EXERCISE DATA section start

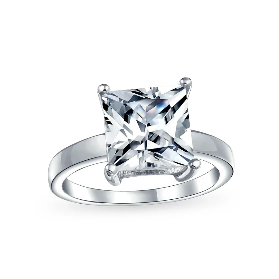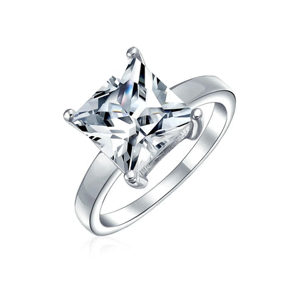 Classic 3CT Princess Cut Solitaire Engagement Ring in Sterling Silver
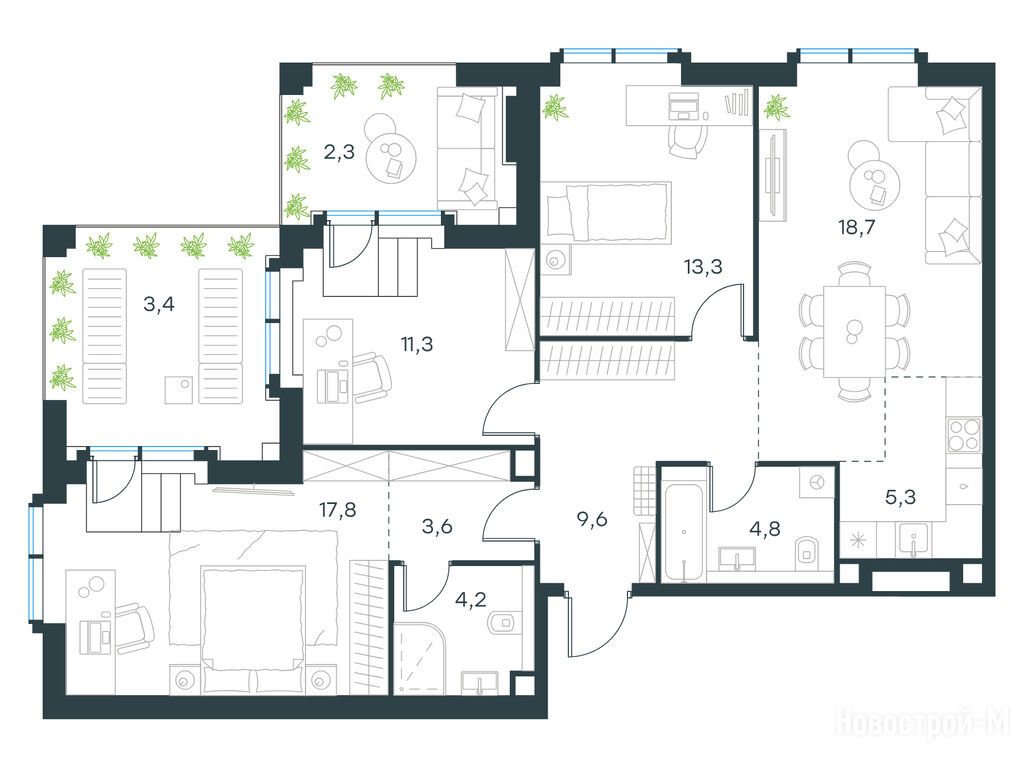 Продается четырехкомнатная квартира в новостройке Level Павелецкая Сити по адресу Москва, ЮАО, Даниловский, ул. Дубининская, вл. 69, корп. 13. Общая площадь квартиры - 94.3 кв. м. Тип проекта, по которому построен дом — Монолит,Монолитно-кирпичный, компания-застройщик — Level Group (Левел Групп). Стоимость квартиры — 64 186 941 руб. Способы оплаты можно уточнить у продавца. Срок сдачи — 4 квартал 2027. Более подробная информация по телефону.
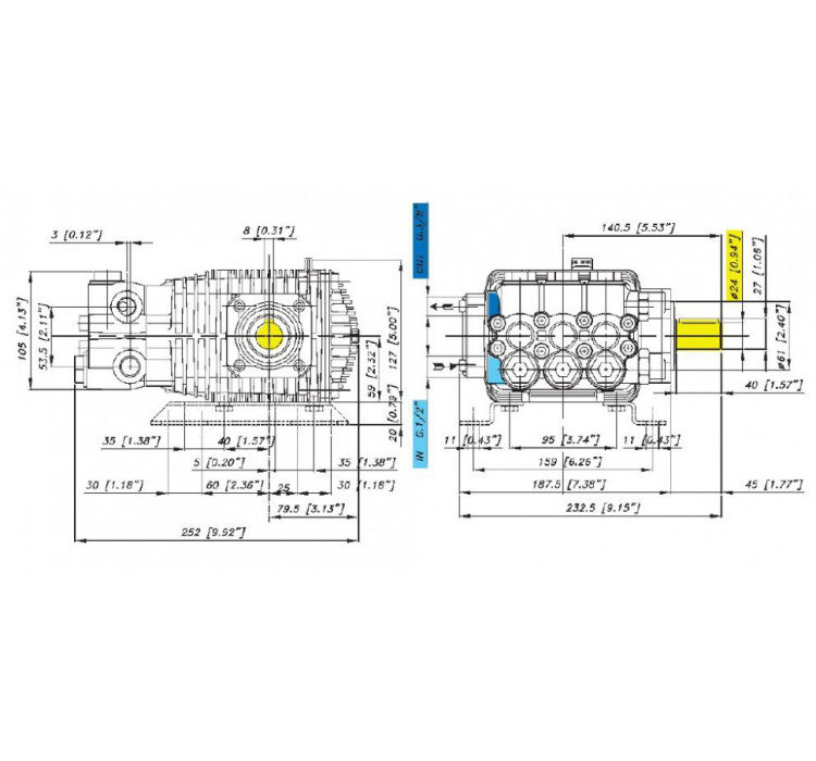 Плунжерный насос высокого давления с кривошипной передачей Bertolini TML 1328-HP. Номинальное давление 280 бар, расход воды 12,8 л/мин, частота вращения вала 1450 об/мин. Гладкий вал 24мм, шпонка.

EXERCISE DATA section end

**HOW TO COMPLETE THIS TASK**
When you copy the data, keep every line exact and leave out each picture.

**EXPECTED OUTPUT**
 Classic 3CT Princess Cut Solitaire Engagement Ring in Sterling Silver
 Продается четырехкомнатная квартира в новостройке Level Павелецкая Сити по адресу Москва, ЮАО, Даниловский, ул. Дубининская, вл. 69, корп. 13. Общая площадь квартиры - 94.3 кв. м. Тип проекта, по которому построен дом — Монолит,Монолитно-кирпичный, компания-застройщик — Level Group (Левел Групп). Стоимость квартиры — 64 186 941 руб. Способы оплаты можно уточнить у продавца. Срок сдачи — 4 квартал 2027. Более подробная информация по телефону.
 Плунжерный насос высокого давления с кривошипной передачей Bertolini TML 1328-HP. Номинальное давление 280 бар, расход воды 12,8 л/мин, частота вращения вала 1450 об/мин. Гладкий вал 24мм, шпонка.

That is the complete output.